Here are their recommendations for reducing lead exposure:

  1. Locate gardens away from old painted structures and heavily travelled roads.
  2. Give planting preferences to fruiting crops (tomatoes, squash, peas, sunflowers, corn, etc.).
  3. Incorporate organic materials such as high quality compost, humus, and peat moss.
  4. Lime soil as recommended by soil test (a soil pH of 6.5 to 7.0 will minimize lead availability).
  5. Wash hands immediately after gardening and prior to eating.
  6. Discard outer leaves before eating leafy vegetables. Peel root crops. Wash all produce thoroughly.
  7. Protect garden from airborne particulates using a fence or hedge. Fine dust has the highest lead concentration.
  8. Keep dust in the garden to a minimum by maintaining a well-mulched, vegetated, and/or moist soil surface.

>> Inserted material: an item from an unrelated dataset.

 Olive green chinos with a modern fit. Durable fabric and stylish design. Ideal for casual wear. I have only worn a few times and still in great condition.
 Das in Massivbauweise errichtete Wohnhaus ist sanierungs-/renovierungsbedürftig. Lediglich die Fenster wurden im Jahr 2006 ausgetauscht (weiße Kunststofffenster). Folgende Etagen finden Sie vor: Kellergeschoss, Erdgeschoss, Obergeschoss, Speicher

For more smart tips, see Pop Mech's comprehensive guide to growing your own food.

Still, these are ultimately just guidelines. The Massachusetts scientists say the U.S. Environmental Protection Agency (EPA) limits lead in soil to 400 ppm, with gardening ideally in soil with under 100 ppm only. Crops accumulate and concentrate lead, so even these rules don’t completely ensure safe produce all the time.

CNN explains the congressional subcommittee’s call to action:

“Instead of setting limits for one food at a time, the FDA should standardize maximum levels for each toxic metal that can damage a baby's developing brain and apply them to all foods. There should be mandatory testing of any baby food product before it hits the shelves, the subcommittee recommended.”

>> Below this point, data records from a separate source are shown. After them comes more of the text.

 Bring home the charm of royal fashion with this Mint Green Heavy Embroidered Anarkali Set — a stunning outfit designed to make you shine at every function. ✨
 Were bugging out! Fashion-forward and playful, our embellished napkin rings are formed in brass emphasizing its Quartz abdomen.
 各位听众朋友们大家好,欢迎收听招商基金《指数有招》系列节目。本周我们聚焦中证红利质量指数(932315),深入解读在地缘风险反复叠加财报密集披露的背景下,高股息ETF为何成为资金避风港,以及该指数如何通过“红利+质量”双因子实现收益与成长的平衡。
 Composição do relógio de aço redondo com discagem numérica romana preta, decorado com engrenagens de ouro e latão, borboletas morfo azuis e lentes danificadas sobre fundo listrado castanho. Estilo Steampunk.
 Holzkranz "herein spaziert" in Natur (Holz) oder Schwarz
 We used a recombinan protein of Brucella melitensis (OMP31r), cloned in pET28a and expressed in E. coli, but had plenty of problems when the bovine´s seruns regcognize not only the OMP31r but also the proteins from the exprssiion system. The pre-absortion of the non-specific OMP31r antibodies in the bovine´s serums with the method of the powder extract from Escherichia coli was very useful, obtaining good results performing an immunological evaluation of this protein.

Whether this leads to costly soil remediation or simply more responsible practices during sourcing and manufacturing of baby food, a firm limit on heavy metals exposure in baby food will lead to better outcomes for children.

At the very least, the subcommittee points out, baby food should conform to the firm limits set on bottled drinking water—numbers that already exist on the books, with a structure of testing to ensure companies are compliant.